Epibacterium sp. SZN4 showed an effective removal, between 30% and 50% for the majority of the analysed compounds, with a mean removal rate of 31% ± 12.2%. The highest removal efficiency was found for benzo anthracene (52% ± 7.3%) while benzo(a)pyrene and chrysene degradation rates did not exceed 20% (Figure 4). Epibacterium sp. SZN4 did not affect indeno pyrene and benzo(k)fluoranthene concentrations.

Virgibacillus sp. SZN7 showed an overall capability of reducing hydrocarbon concentrations to 42% ± 13.6% and benzo(k)fluoranthene, the least-degraded compound, to 23% ± 0.5% (Figure 4). However, this species induced removal rates of 59% ± 1.4% and 58% ± 11.4%, respectively, in the case of indeno pyrene and benzo anthracene.

3.3. Heavy Metal Immobilization

With regards to heavy metal immobilization, Consortium 1 was effective in reducing the amount of metals associated with the carbonate/exchangeable fraction, with a reduction of 40%, 73% and 53% for As, Pb, and Cd, respectively (Figure 5). Consortium 2 was effective on As and Cd geochemical partitioning by reducing the amount of metals associated with the most bioavailable fractions by 44% and 36%, respectively. Consortium 4 was the most effective in reducing As and Cd bioavailability reaching values of 61% and 76%, respectively. Moreover, 71% of the Pb bound to the carbonate/exchangeable fraction was reduced. Conversely, Consortium 3 did not display any effect on metal partitioning among the different geochemical fractions.

Figure 5.

Figure 5

Heavy metal distribution in the four fractions (exchangeable/carbonate, oxidisable, reducible, and residual fractions) after 27 days of incubation of polluted sediments in the presence of the four mixed cultures (see Table 1 for bacterial composition) and in the control microcosm (ctr). Panel (A), arsenic; (B), cadmium; (C), copper; (D), lead; (E), zinc. The asterisk (*) indicates significant difference between treatments and control.

As pure cultures, the isolated strains only affected As and Pb partitioning (Figure 6).

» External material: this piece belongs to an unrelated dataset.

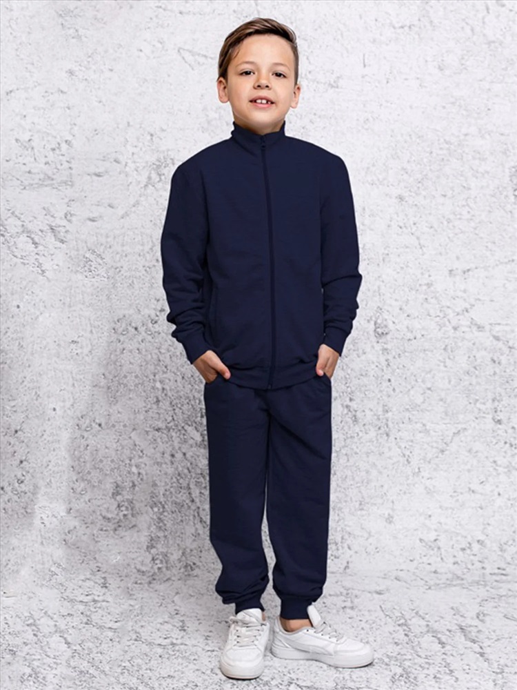 Костюм спортивный без капюшона синий из футера: пуловер и брюки. Пуловер без капюшона на молнии с воротничком и карманами. Брюки на резинке со шнурком и боковыми карманами.

By contrast, Cu and Zn were not affected by any of the bacteria investigated.

Figure 6.

Figure 6

Heavy metal distribution in the four fractions (exchangeable/carbonate, oxidisable, reducible, and residual fractions) after 27 days of incubation of polluted sediments with the five bacterial strains: Epibacterium sp. SZN4, Pseudoalteromonas sp. SZN3, Virgibacillus sp. SZN7, Alcanivorax sp. SZN2, and Halomonas sp. SZN1 and in the control (ctr). Panel (A), total arsenic; (B), cadmium; (C), copper; (D), lead; (E), zinc. The asterisk (*) indicates significant difference between treatments and control.

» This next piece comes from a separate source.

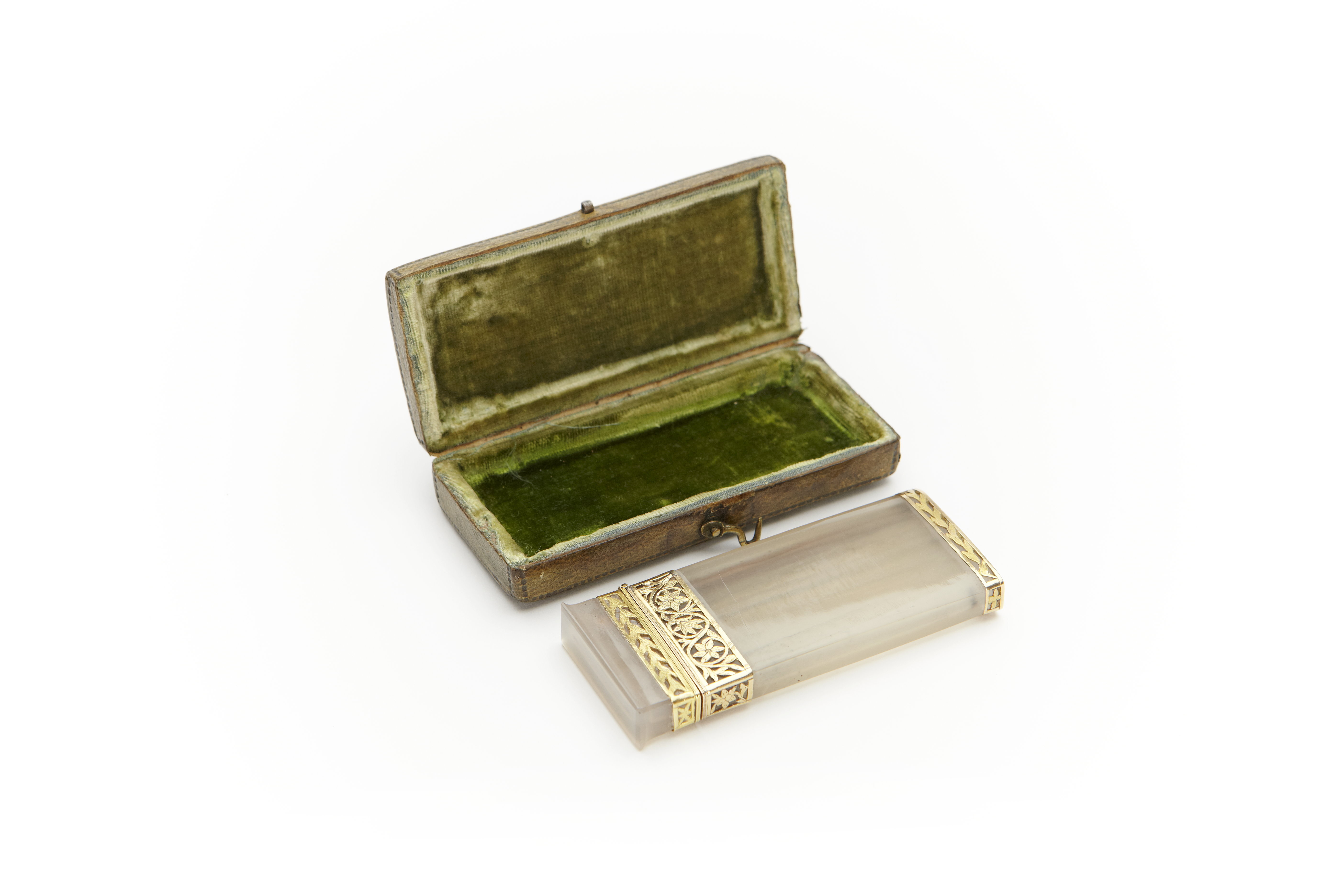 Pennfodral med lock, allt av agat, montering av genombrutet guld.

Epibacterium sp. SZN4, Pseudoalteromonas sp. SZN3, Virgibacillus sp. SZN 7, Alcanivorax sp. SZN2 and Halomonas sp. SZN1 lowered the concentration of As bound to the carbonate/exchangeable fraction by 28%, 20%, 20%, 22%, and 23%, respectively. Pb was only affected by treatments with Epibacterium sp. SZN4 and Pseudoalteromonas sp. SZN3 that decreased its bioavailability by 24% and 52%, respectively.

4. Discussion

Table 2 allowed the taxonomic identification of five bacteria isolated from polluted sediments. Interestingly, although both Halomonas sp. SZN1 and Alcanivorax sp. SZN2 belong to genera already described as capable of degrading hydrocarbons [31,32], they do not cluster closely with species with hydrocarbon degrading activity. Similarly, Pseudoalteromonas sp. SZN3 differs greatly in terms of homology from its closest phylogenetic neighbours, Pseudoalteromonas nigrifaciens and P. elyakovii, whose 16s sequences have been found associated with bacterial consortia having hydrocarbon degrading activity [33]. Furthermore, although members belonging to the genus Virgibacillus have already been described as involved in the metabolism of hydrocarbons [34], Virgibacillus sp. SZN7 showed a close homology with sequences belonging to Virgibacillus pantothenticus and V. byunsanensis, both of which are not associated with the degradation of hydrocarbon compounds. Finally, to our knowledge, the identification of a member belonging to Epibacterium genus (Epibacterium sp. SZN4) involved in hydrocarbon removal mechanisms had not yet been described in the literature.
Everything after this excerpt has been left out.